### PROBLEM TO WORK ON
The listing below should be printed again word for word, without any images.

### THE INPUT
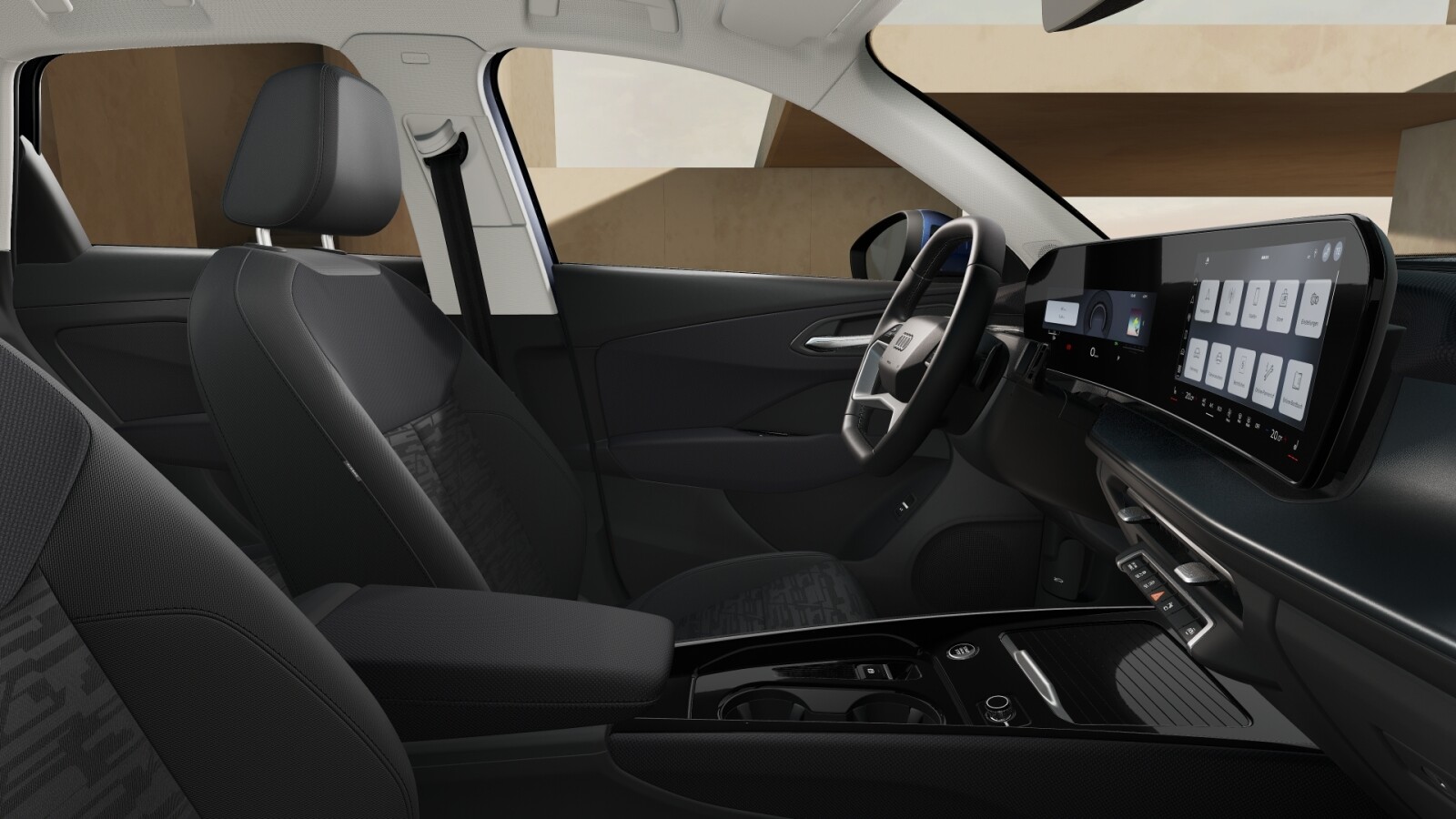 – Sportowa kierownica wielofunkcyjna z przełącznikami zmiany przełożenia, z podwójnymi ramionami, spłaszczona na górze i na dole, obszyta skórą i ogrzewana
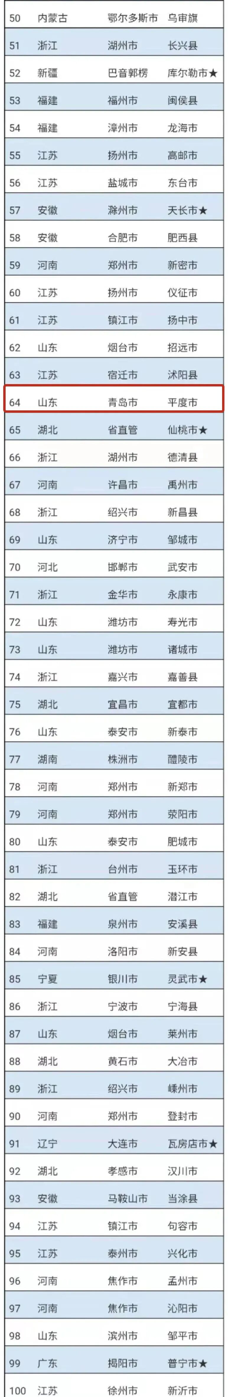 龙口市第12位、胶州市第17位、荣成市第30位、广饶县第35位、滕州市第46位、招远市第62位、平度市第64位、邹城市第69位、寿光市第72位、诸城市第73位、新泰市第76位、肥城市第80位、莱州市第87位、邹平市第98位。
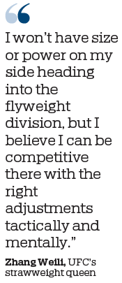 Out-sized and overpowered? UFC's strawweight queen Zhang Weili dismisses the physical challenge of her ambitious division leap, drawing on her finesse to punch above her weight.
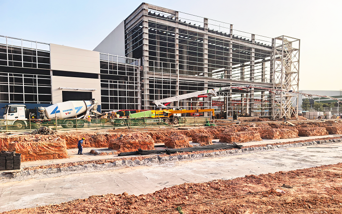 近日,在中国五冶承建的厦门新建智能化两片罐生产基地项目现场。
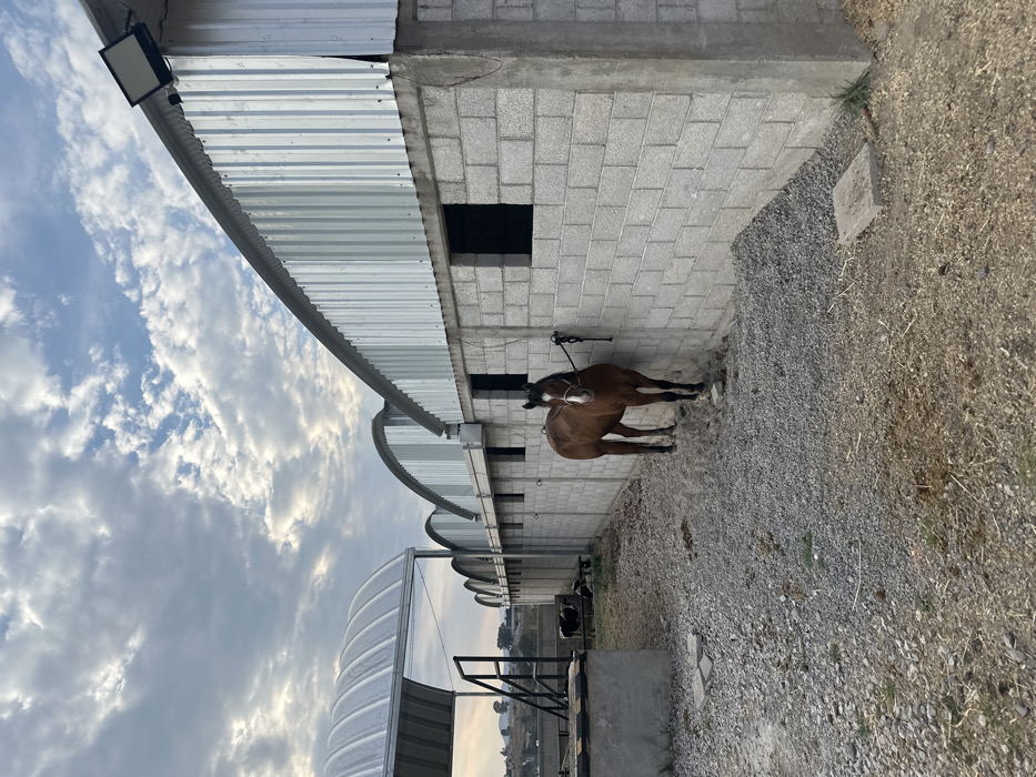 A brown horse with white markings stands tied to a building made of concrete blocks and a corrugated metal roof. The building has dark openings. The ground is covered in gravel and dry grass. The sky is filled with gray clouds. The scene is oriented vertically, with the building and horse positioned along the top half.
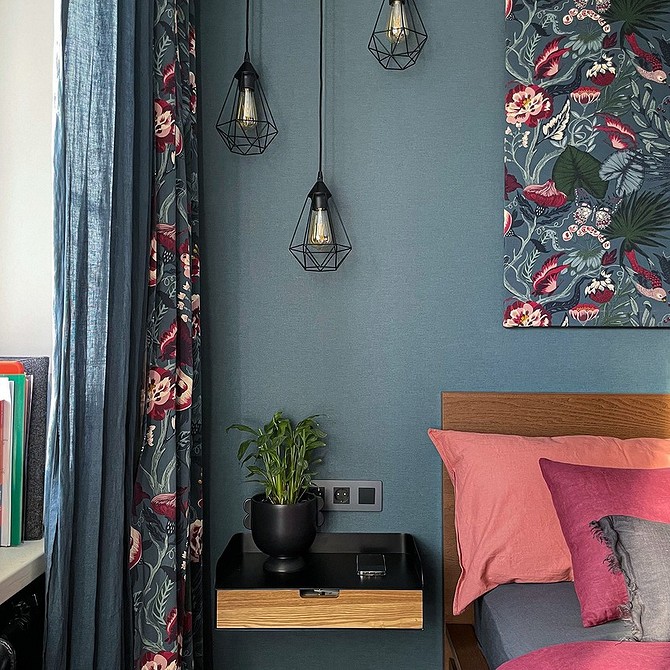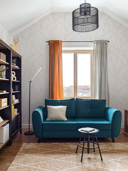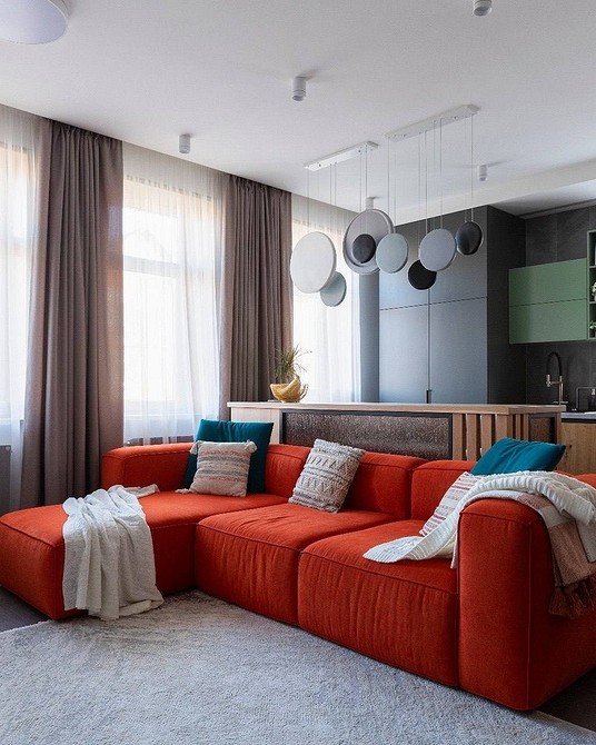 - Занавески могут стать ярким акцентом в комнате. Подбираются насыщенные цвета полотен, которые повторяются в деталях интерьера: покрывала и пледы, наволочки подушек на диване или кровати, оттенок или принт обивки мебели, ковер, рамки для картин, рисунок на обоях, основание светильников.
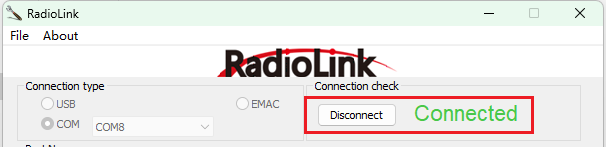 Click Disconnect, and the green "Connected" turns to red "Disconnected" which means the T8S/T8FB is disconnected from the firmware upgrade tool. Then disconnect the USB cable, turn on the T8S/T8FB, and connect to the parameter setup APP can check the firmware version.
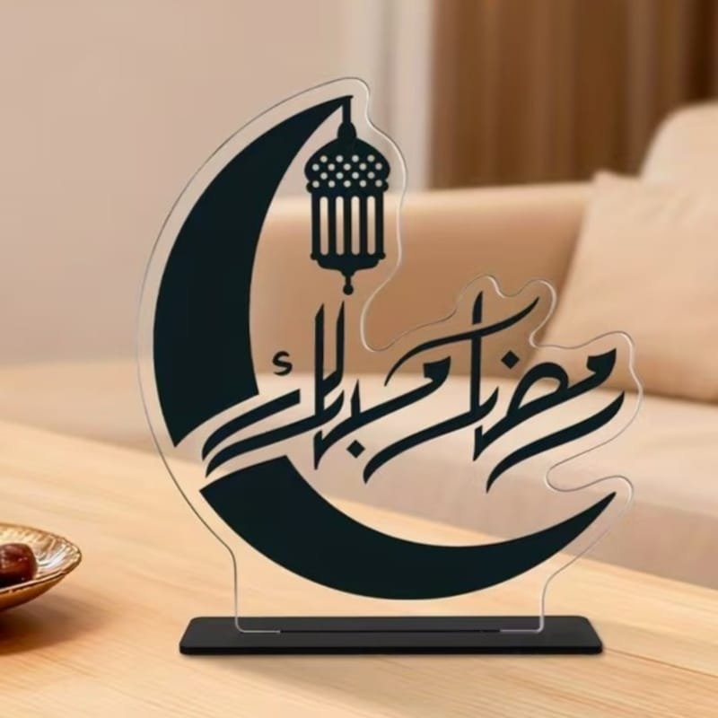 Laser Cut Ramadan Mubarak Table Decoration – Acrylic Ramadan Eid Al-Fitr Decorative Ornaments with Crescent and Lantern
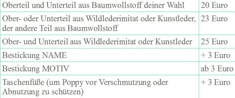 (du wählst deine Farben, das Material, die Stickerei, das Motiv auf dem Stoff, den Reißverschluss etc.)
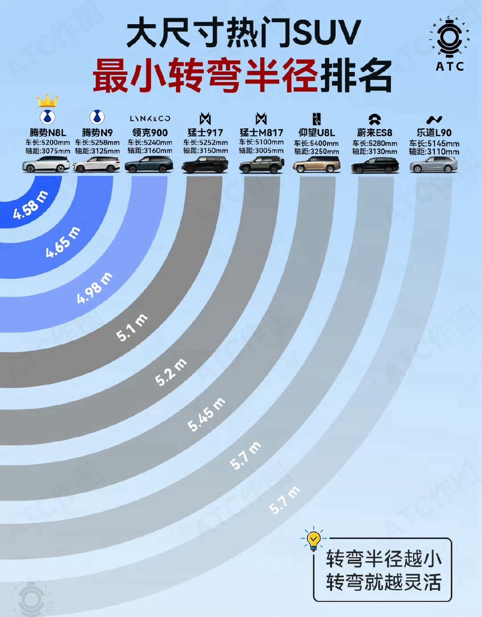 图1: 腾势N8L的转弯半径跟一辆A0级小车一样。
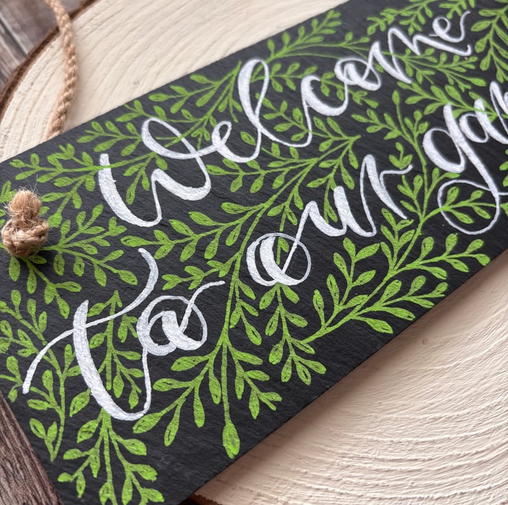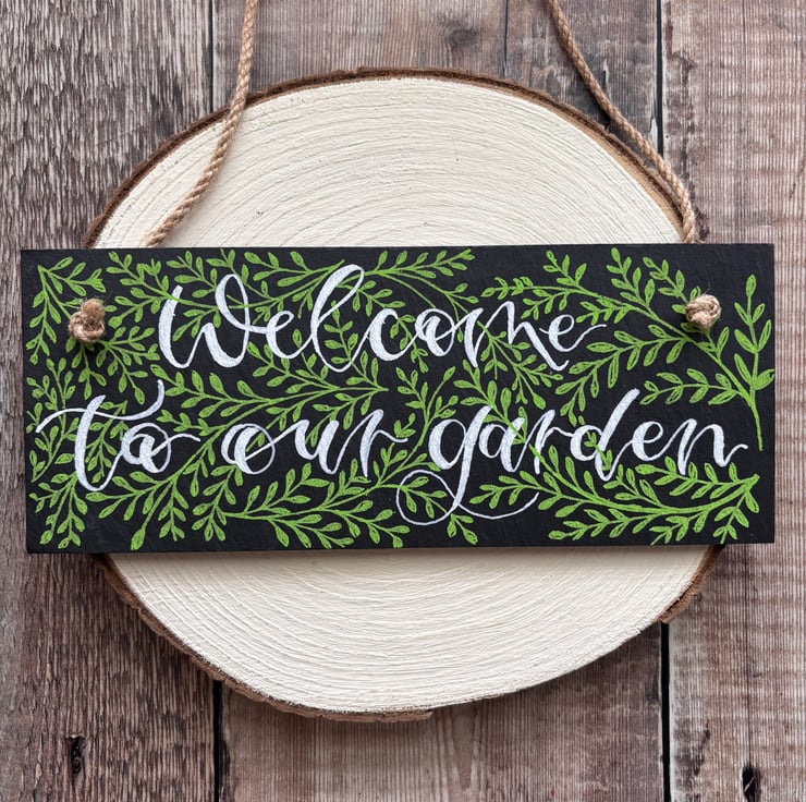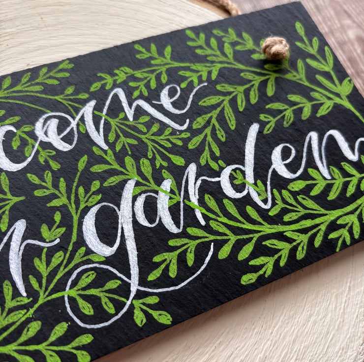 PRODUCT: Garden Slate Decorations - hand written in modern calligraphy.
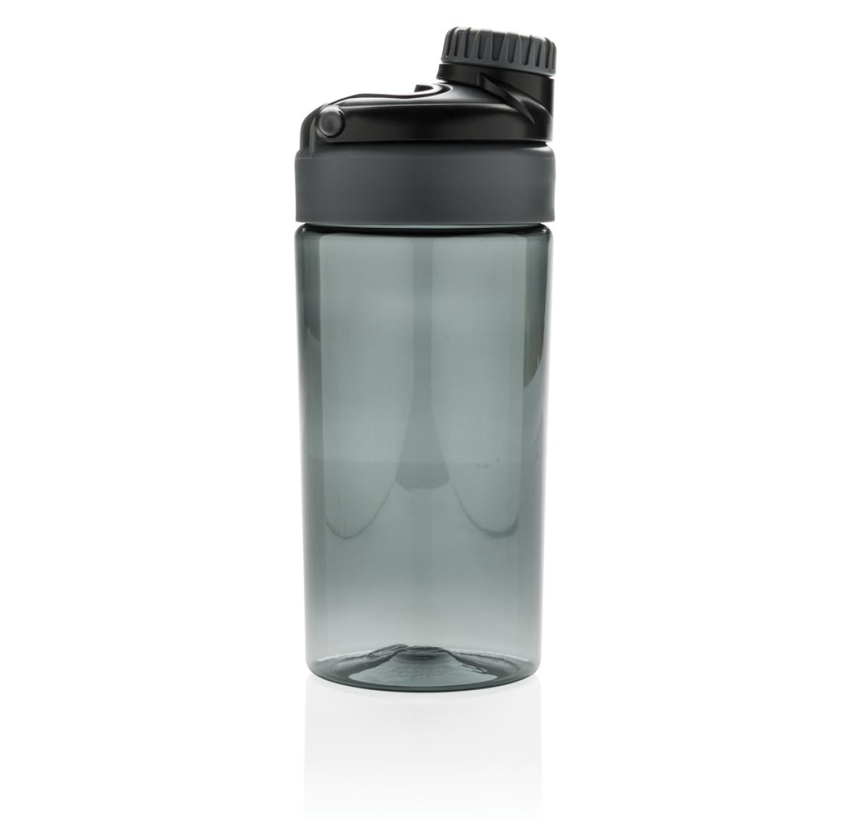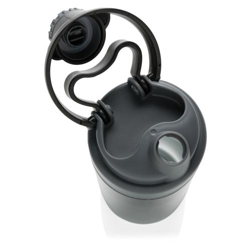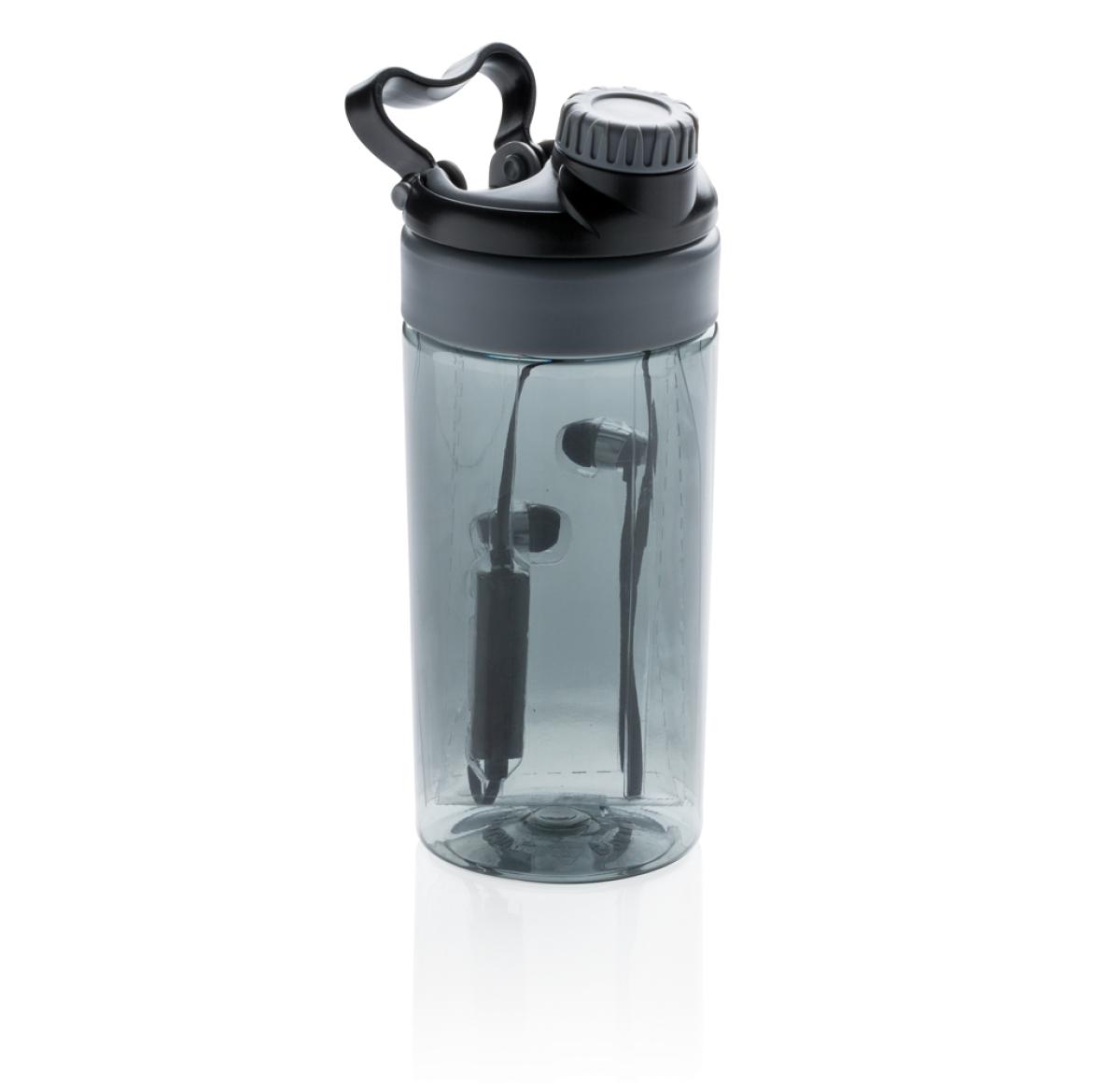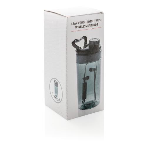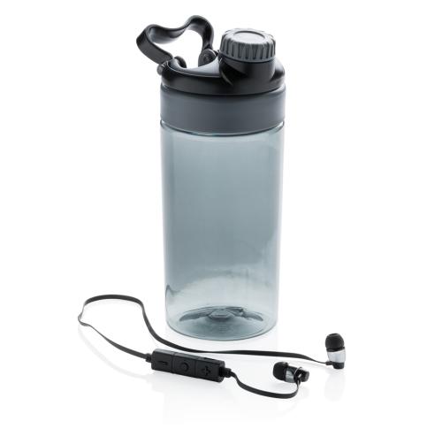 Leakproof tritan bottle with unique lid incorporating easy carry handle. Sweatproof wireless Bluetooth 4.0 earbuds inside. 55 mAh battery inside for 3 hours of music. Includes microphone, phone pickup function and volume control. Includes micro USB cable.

### REPLY TO THE EXERCISE
 – Sportowa kierownica wielofunkcyjna z przełącznikami zmiany przełożenia, z podwójnymi ramionami, spłaszczona na górze i na dole, obszyta skórą i ogrzewana
 龙口市第12位、胶州市第17位、荣成市第30位、广饶县第35位、滕州市第46位、招远市第62位、平度市第64位、邹城市第69位、寿光市第72位、诸城市第73位、新泰市第76位、肥城市第80位、莱州市第87位、邹平市第98位。
 Out-sized and overpowered? UFC's strawweight queen Zhang Weili dismisses the physical challenge of her ambitious division leap, drawing on her finesse to punch above her weight.
 近日,在中国五冶承建的厦门新建智能化两片罐生产基地项目现场。
 A brown horse with white markings stands tied to a building made of concrete blocks and a corrugated metal roof. The building has dark openings. The ground is covered in gravel and dry grass. The sky is filled with gray clouds. The scene is oriented vertically, with the building and horse positioned along the top half.
 - Занавески могут стать ярким акцентом в комнате. Подбираются насыщенные цвета полотен, которые повторяются в деталях интерьера: покрывала и пледы, наволочки подушек на диване или кровати, оттенок или принт обивки мебели, ковер, рамки для картин, рисунок на обоях, основание светильников.
 Click Disconnect, and the green "Connected" turns to red "Disconnected" which means the T8S/T8FB is disconnected from the firmware upgrade tool. Then disconnect the USB cable, turn on the T8S/T8FB, and connect to the parameter setup APP can check the firmware version.
 Laser Cut Ramadan Mubarak Table Decoration – Acrylic Ramadan Eid Al-Fitr Decorative Ornaments with Crescent and Lantern
 (du wählst deine Farben, das Material, die Stickerei, das Motiv auf dem Stoff, den Reißverschluss etc.)
 图1: 腾势N8L的转弯半径跟一辆A0级小车一样。
 PRODUCT: Garden Slate Decorations - hand written in modern calligraphy.
 Leakproof tritan bottle with unique lid incorporating easy carry handle. Sweatproof wireless Bluetooth 4.0 earbuds inside. 55 mAh battery inside for 3 hours of music. Includes microphone, phone pickup function and volume control. Includes micro USB cable.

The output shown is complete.